[[ MATERIAL SUPPLIED, beginning ]]
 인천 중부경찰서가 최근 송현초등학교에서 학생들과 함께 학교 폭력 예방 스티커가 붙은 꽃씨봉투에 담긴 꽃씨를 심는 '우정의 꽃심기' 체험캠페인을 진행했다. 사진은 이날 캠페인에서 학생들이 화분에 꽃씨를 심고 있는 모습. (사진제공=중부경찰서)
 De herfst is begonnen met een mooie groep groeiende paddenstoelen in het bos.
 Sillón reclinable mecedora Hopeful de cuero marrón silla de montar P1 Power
[[ MATERIAL SUPPLIED, end ]]
[[ MATERIAL SUPPLIED, beginning ]]
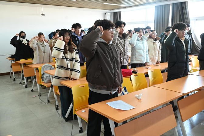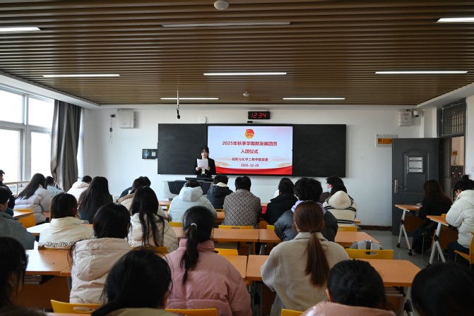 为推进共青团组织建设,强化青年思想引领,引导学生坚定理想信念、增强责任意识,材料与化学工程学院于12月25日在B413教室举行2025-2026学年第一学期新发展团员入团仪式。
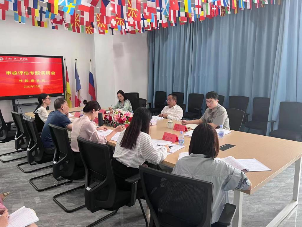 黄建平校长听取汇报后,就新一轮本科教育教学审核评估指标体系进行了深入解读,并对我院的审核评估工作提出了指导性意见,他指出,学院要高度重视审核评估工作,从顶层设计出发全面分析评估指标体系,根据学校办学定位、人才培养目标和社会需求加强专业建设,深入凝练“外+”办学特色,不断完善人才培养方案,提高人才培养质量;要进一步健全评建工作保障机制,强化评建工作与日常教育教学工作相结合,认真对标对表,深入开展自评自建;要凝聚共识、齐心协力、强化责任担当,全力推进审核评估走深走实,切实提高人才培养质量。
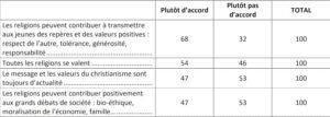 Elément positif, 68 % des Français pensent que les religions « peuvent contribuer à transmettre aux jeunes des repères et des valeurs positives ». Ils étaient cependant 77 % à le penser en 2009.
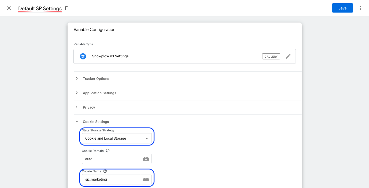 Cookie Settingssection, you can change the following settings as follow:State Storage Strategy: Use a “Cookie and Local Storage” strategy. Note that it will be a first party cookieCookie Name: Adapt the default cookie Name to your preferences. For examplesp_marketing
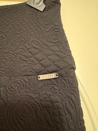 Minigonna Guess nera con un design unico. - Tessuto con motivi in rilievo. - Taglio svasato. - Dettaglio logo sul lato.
[[ MATERIAL SUPPLIED, end ]]
[[ MATERIAL SUPPLIED, beginning ]]
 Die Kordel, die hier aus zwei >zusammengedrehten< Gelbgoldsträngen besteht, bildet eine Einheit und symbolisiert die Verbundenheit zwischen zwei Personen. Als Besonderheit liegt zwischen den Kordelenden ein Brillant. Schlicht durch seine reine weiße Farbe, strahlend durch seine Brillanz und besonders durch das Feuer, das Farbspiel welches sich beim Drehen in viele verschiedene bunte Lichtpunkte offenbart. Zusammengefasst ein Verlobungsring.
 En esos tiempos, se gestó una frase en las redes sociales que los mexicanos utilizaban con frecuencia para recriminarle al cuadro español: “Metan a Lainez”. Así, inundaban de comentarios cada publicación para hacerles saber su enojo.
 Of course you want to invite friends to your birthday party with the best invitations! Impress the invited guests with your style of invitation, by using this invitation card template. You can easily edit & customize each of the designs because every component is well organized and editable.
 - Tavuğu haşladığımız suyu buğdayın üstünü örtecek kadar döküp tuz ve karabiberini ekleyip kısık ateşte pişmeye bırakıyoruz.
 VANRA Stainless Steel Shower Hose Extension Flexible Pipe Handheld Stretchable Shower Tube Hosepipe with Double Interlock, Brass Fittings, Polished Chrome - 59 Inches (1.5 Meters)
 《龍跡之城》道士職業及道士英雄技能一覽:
[[ MATERIAL SUPPLIED, end ]]
• WHAT YOU SHOULD DO
What's needed is an exact copy of the records above from the line containing "黄建平校长听取汇报后,就新一" down to the line containing "Minigonna Guess nera", both included, without any pictures.

• ANSWER BELOW
 黄建平校长听取汇报后,就新一轮本科教育教学审核评估指标体系进行了深入解读,并对我院的审核评估工作提出了指导性意见,他指出,学院要高度重视审核评估工作,从顶层设计出发全面分析评估指标体系,根据学校办学定位、人才培养目标和社会需求加强专业建设,深入凝练“外+”办学特色,不断完善人才培养方案,提高人才培养质量;要进一步健全评建工作保障机制,强化评建工作与日常教育教学工作相结合,认真对标对表,深入开展自评自建;要凝聚共识、齐心协力、强化责任担当,全力推进审核评估走深走实,切实提高人才培养质量。
 Elément positif, 68 % des Français pensent que les religions « peuvent contribuer à transmettre aux jeunes des repères et des valeurs positives ». Ils étaient cependant 77 % à le penser en 2009.
 Cookie Settingssection, you can change the following settings as follow:State Storage Strategy: Use a “Cookie and Local Storage” strategy. Note that it will be a first party cookieCookie Name: Adapt the default cookie Name to your preferences. For examplesp_marketing
 Minigonna Guess nera con un design unico. - Tessuto con motivi in rilievo. - Taglio svasato. - Dettaglio logo sul lato.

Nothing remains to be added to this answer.